▸ **Required action**
Set the pictures aside and set down only the lines from the line holding "gagal enroll dari" through the end of the entries below, ends included.

▸ **Entries shown**
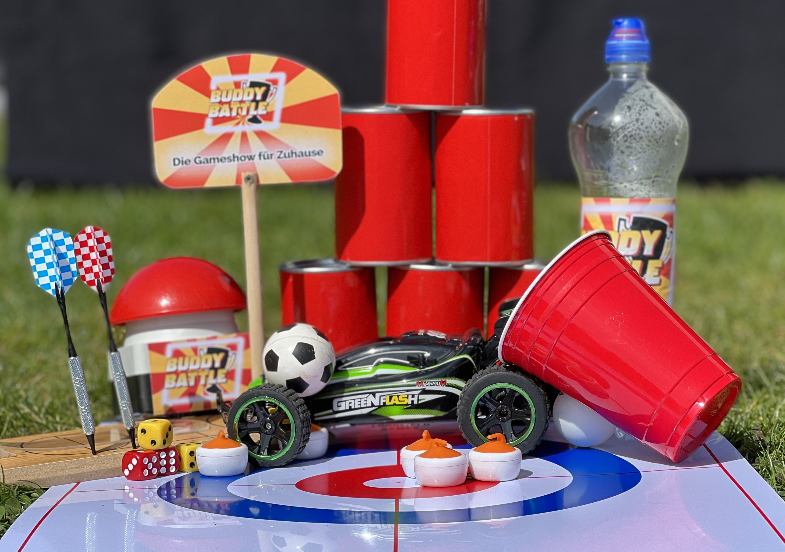 Egal ob Wohnzimmer, Garten, Lagerhalle oder Konferenzraum – wir verwandeln deinen Ort in eine echte Gameshow-Arena. In dieser treten in verschiedenen Spielen die Buddys gegeneinander an und kämpfen um den Sieg.
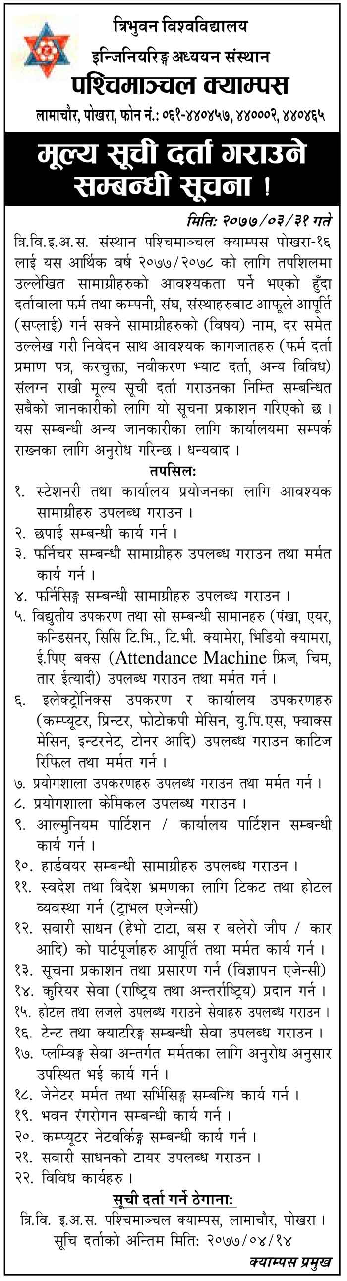 मूल्य सूची दर्ता गराउने सम्बन्धी सूचना ! Admin Noticeमूल्य सूची दर्ता गराउने सम्बन्धी सूचना !July 22, 2020
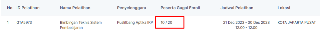 gagal enroll dari 20 peserta yang seharusnya masuk ke lms
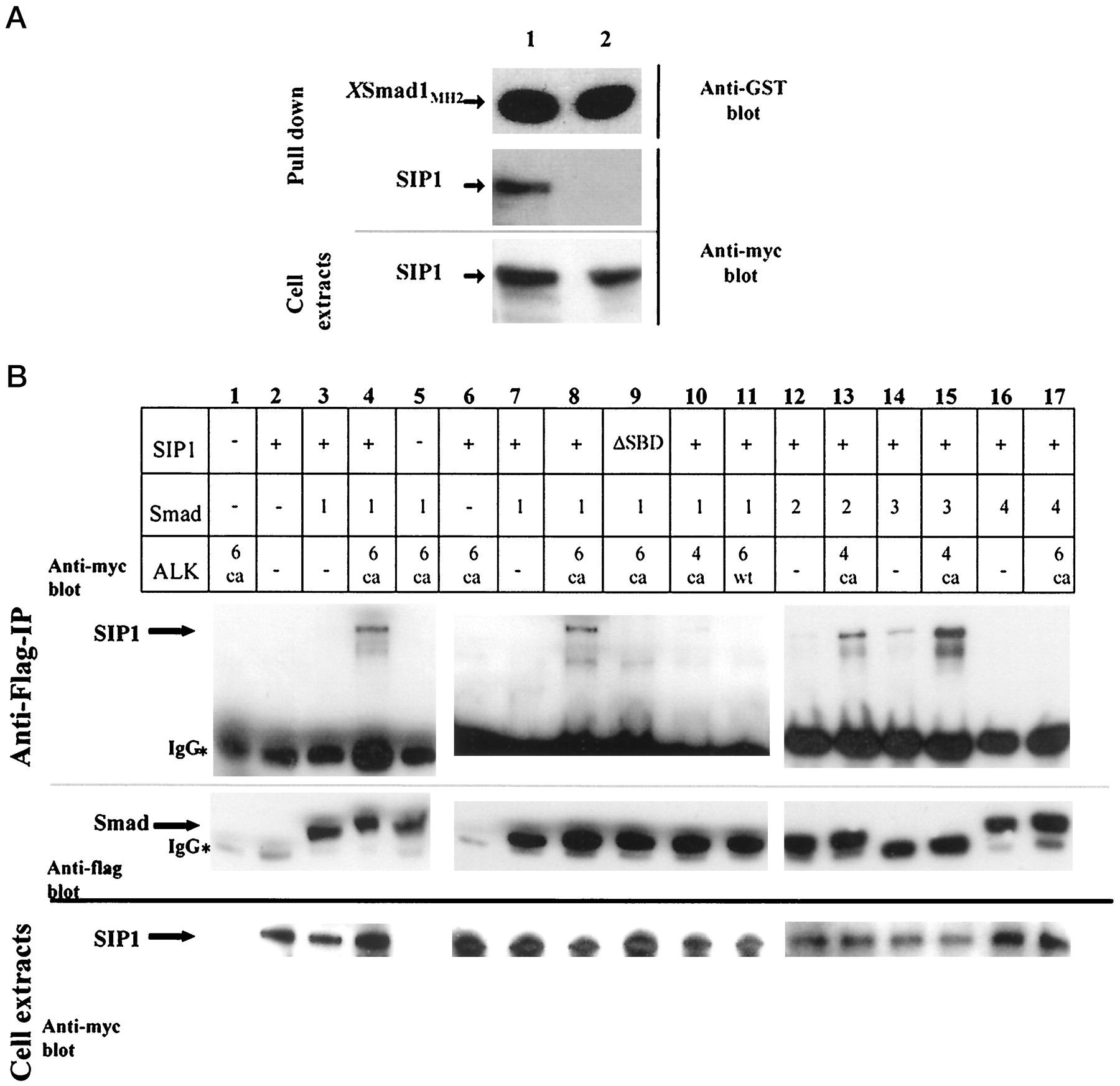 FIG. 5. A, interaction of SIP1 with the MH2 domain of XSmad1 in mammalian cells. An expression construct encoding a fusion between GST and
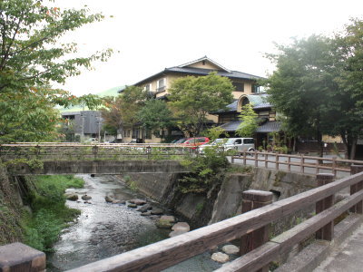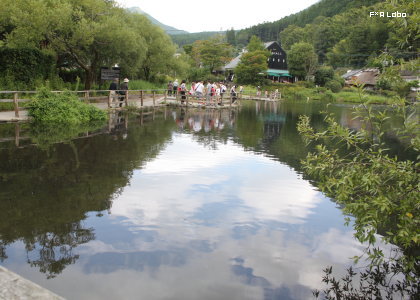 迷宮館を出て、旅館の前を川沿いに真っ直ぐ歩くと金鱗湖です。

▸ **Answer to this exercise**
 gagal enroll dari 20 peserta yang seharusnya masuk ke lms
 FIG. 5. A, interaction of SIP1 with the MH2 domain of XSmad1 in mammalian cells. An expression construct encoding a fusion between GST and
 迷宮館を出て、旅館の前を川沿いに真っ直ぐ歩くと金鱗湖です。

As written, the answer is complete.